Gericht plante die Vernehmung eigentlich an einem Samstag
Eigentlich wollte die 8. Strafkammer aus Termingründen an zwei Samstagen im November tagen – was in der jüngeren Geschichte des Bochumer Landgerichts ein Novum gewesen wäre. Allerdings stand die Aussage des Jugendlichen terminlich lange unter einem schlechten Stern: Ursprünglich war sie für den 7. November geplant, der Termin musste verschoben werden. Die gesamte Kammer musste nach der Covid-19-Erkrankung eines Schöffen in Quarantäne.
Einen weiteren Termin am 21. November ließ der Zeuge selbst platzen: Nachdem er mit einem später positiv getesteten Betreuer im Auto gesessen hatte, begab sich Marvin in freiwillige Quarantäne. Zwar hatte das den Richtern zunächst nicht als Grund für seine Absage gereicht, allerdings weigerte sich Anwältin Lingnau aus Vorsichtsgründen, mit ihrem Mandanten gemeinsam im Raum zu sitzen. Kurzfristig fanden sich nun zwei freie Termine, auch im Kalender der viel beschäftigten Gutachterin.

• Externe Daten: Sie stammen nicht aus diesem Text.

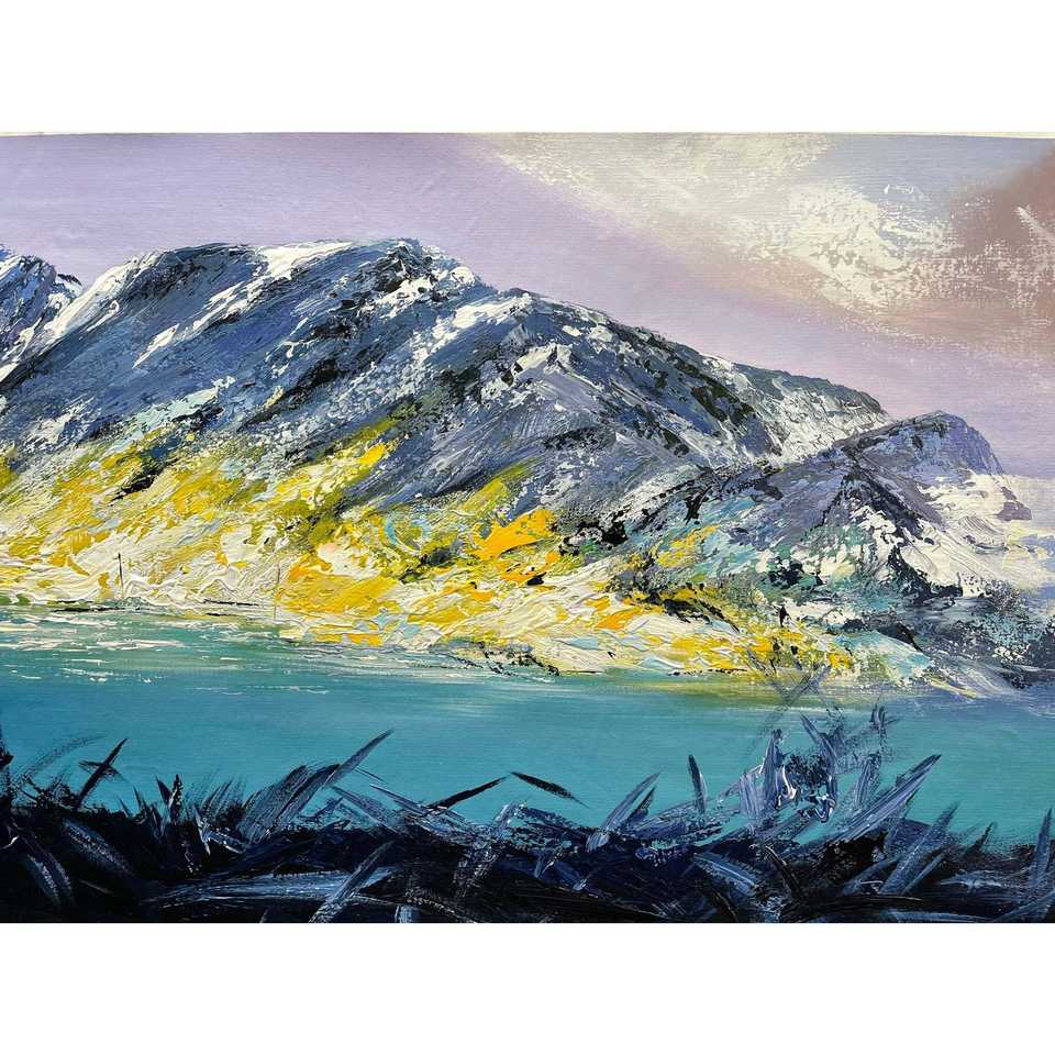 Dipinto a Mano 100% Paesaggio Montano Innevato 36x24 Pollici, Pittura a Olio su Tela con Cornice, Versione Stampata

Marvin begab sich selbst in Quarantäne
Ursprünglich hatte die Kammer lediglich zehn Verhandlungstage bis zum 25. Juni angesetzt. Aber schon im Sommer hatte sich der Prozess immer wieder durch weitere Anträge verzögert. Zuletzt hatte die Verteidigung beantragt, wegen der Corona-Gefahr die tägliche Verhandlungsdauer auf eine Stunde zu begrenzen. Im neuen Gerichtsgebäude kann man die Fenster nicht öffnen, dafür gibt es aber eine Lüftungsanlage, die die Luft abführt, statt sie umzuwälzen. Der Antrag wurde abgelehnt, es folgte ein Befangenheitsantrag gegen die Richter.
Marvins Mutter sitzt im Gerichtssaal
Marvin tritt im Prozess als Nebenkläger auf , wird dort durch seine Mutter vertreten . Die Duisburgerin hatte im Zeugenstand erklärt, dass ihr Sohn, der nach einem Aufenthalt in einer Jugendhilfeeinrichtung nun wieder bei der Familie lebt, sich kaum auf die Straße traue. Ob er auch nach dem 7. Dezember noch einmal vor Gericht aussagen muss, ist noch offen. Theoretisch hat nach den übrigen Prozessbeteiligten auch der Angeklagte selbst das Recht, den Zeugen zu befragen. Das könnte der Vorsitzende ihm aber auch ersparen. Bis zu einem möglichen Urteil am 18. Dezember sind bislang noch fünf weitere Prozesstage vorgesehen.
Die Polizei hatte im Dezember 2019 in der Mietwohnung in Recklinghausen kinderpornografisches Material gesucht; der Mieter war einschlägig vorbestraft. Eine Beamtin fand Marvin im Schrank , wo er sich versteckt hatte. Als Zeugin sagte die Polizistin aus, dass der Junge körperlich und emotional verwahrlost gewirkt habe. Er habe gesagt, dass er in den zweieinhalb Jahren in der Wohnung des Mannes nur dreimal kurz an der frischen Luft gewesen sei. Der Halbwaise war im Alter von 13 Jahren aus einer Jugendeinrichtung verschwunden.